That’s where Toronto’s real estate market is heading, according to a Chinese-language promotional article posted last month on Fang.com, a Beijing-based web portal that lists thousands of homes for sale in countries around the world.

“You will really cry if you still don’t buy,” the same posting blares.

Toronto has become the “dark horse” of the Canadian real estate market, asserts Haifangbest.com, another site jammed with Canadian home listings. It contrasts Vancouver’s continuing drop in prices with a prediction that Toronto-area homes will rise 8 per cent in value this year.

In the months since British Columbia began taxing international buyers 15-per-cent extra on homes in and around Vancouver, those marketing Canadian real estate overseas have shifted their focus to Toronto. Last year, Toronto overtook Vancouver to become the most sought-after Canadian city for Chinese home buyers searching the property listing service Juwai.com, peaking in August just after British Columbia announced the tax aimed at curbing the public outrage over skyrocketing prices. Searches for properties in Toronto proper now surpass the total inquiries for Vancouver, Montreal, Calgary and Ottawa combined.

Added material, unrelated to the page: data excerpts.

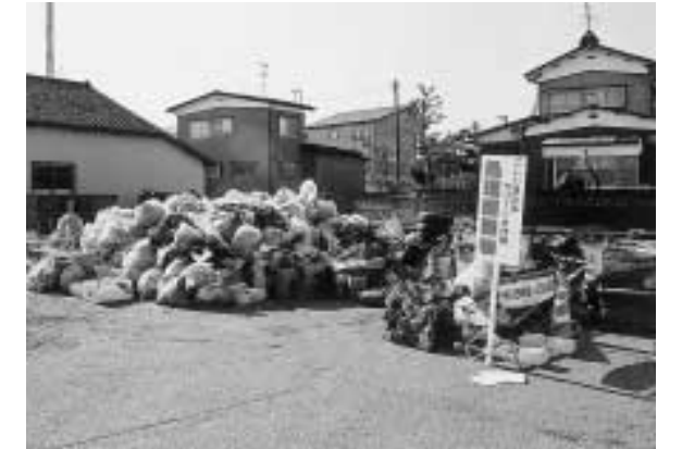
拾い集められたごみの量は約40㎡にもなりました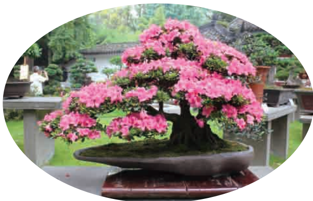
▲ 四川省“川派盆景展览”金奖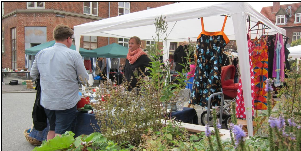
Loppe- og byttemarked i Ungarnsgade

Ungarnsgadenetværket er et gadebaseret netværk, der arbejder med at gøre Ungarnsgade til et grønnere og bedre sted at bo. De har i år bygget gadehaver, arbejdet for at forskønne vejens bede, holdt et loppe- og byttemarked, undersøgt muligheden for delebiler i gaden, en fælles storskraldsordning og for mere liv i de tomme butikslokaler og endelig er netværket i gang med at undersøge muligheden for at blive et vejlaug, så de kan få større indflydelse hos kommunen i forhold til vejens udformning.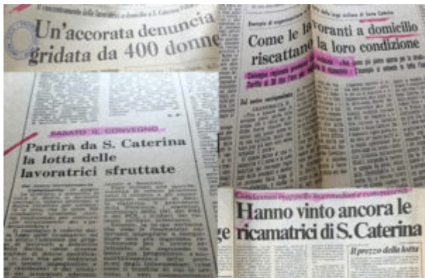
Foto 3. Dai giornali dell'epoca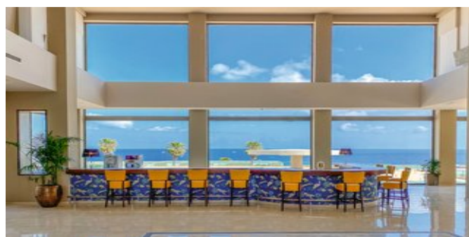
An der Bar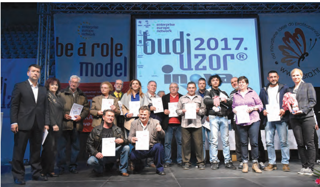
● Dobitnici nagrada iz Hrvatske udruge inovatora-poduzetnika i Tera klijenata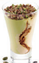
569. GELATO COPPA CREMA PISTACCHIO € 6,00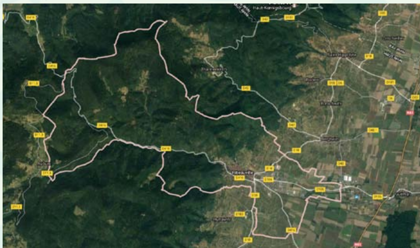
Vue aérienne Google Maps, ban communal de Ribeauvillé.

Il sera renouvelé en 2017 sous la nouvelle appellation « station classée de tourisme », en attente de l'arrêté ministériel.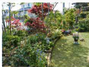
春のはままつ庭めぐり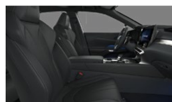
Negru F Sport

Lista dotărilor constituie o selecție a celor mai importante opțiuni. Compania „Continental” S.R.L. își rezervă dreptul de a modifica broșura în urma depistării unor erori, modificări de structură sau în urma unor comunicări din partea producătorului, fără nici o informare prealabilă. Garanția automobilelor Lexus este de 3 ani sau 100.000 km parcurși. Consumul de carburant și emisiile de CO 2 ale unui autoturism depind nu doar de randamentul energetic. Aceasta este influențată atât de modul de conducere al autovehiculului, cât și de alți factori care nu sunt de natură tehnică. Dioxidul de carbon (CO 2 ) este principalul gaz cu efect de seră, responsabil pentru încălzirea globală. Broșură valabilă până la lansarea următoarei ediții.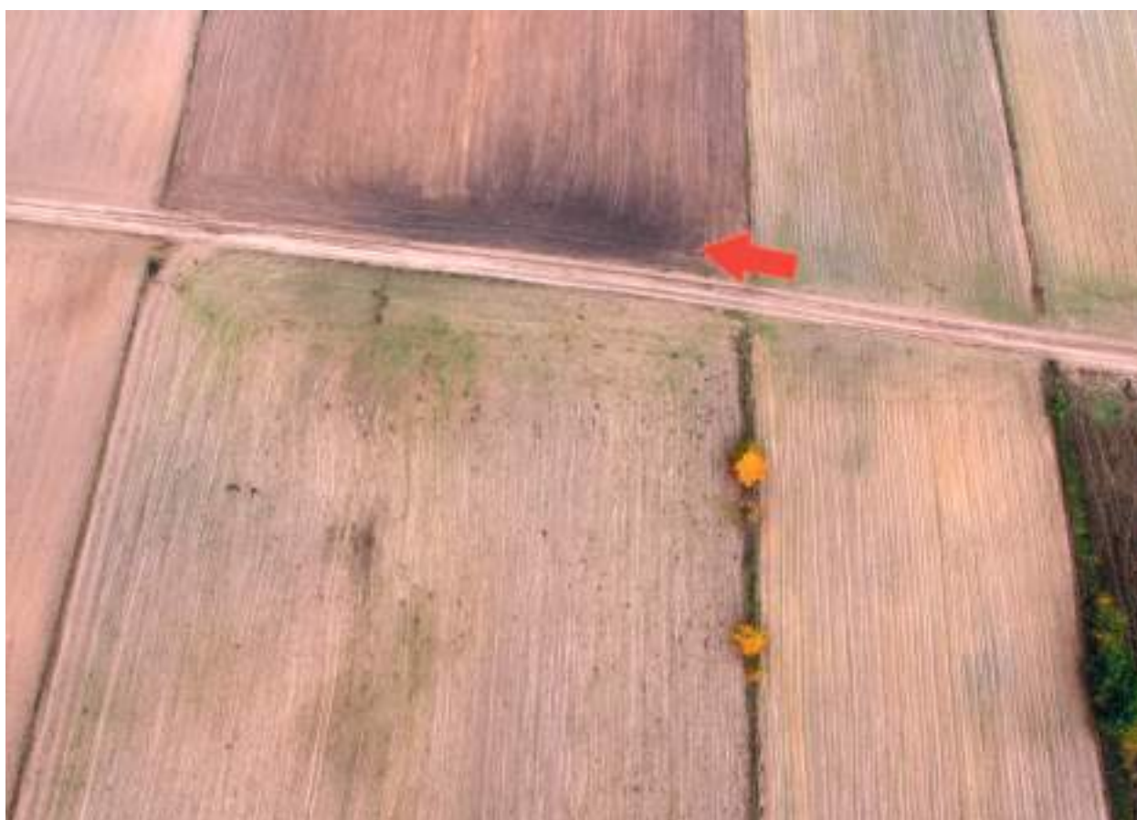
Ryc. 10. Obałki, gm. Izbica Kujawska. Prawdopodobna lokalizacja grobowca nr IV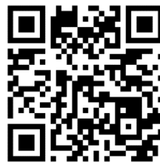
課程與教學 填報系統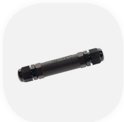
3-pol. Verteiler Schutzart IP68 Inklusive Klemmenstein für Leistungsdurchmesser 6-12mm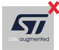
タグラインの色変更は不可

Richard Silver, a Sotheby’s realtor and past president of the Toronto Real Estate Board, estimates close to 20 per cent of his clients are international buyers – from China, India and the Middle East – interested in the luxury condos and houses he sells in and around the downtown core.

Written by Randy McDonald

February 21, 2017 at 9:30 pm

[URBAN NOTE] “No fixed address: How I became a 32-year-old couch surfer”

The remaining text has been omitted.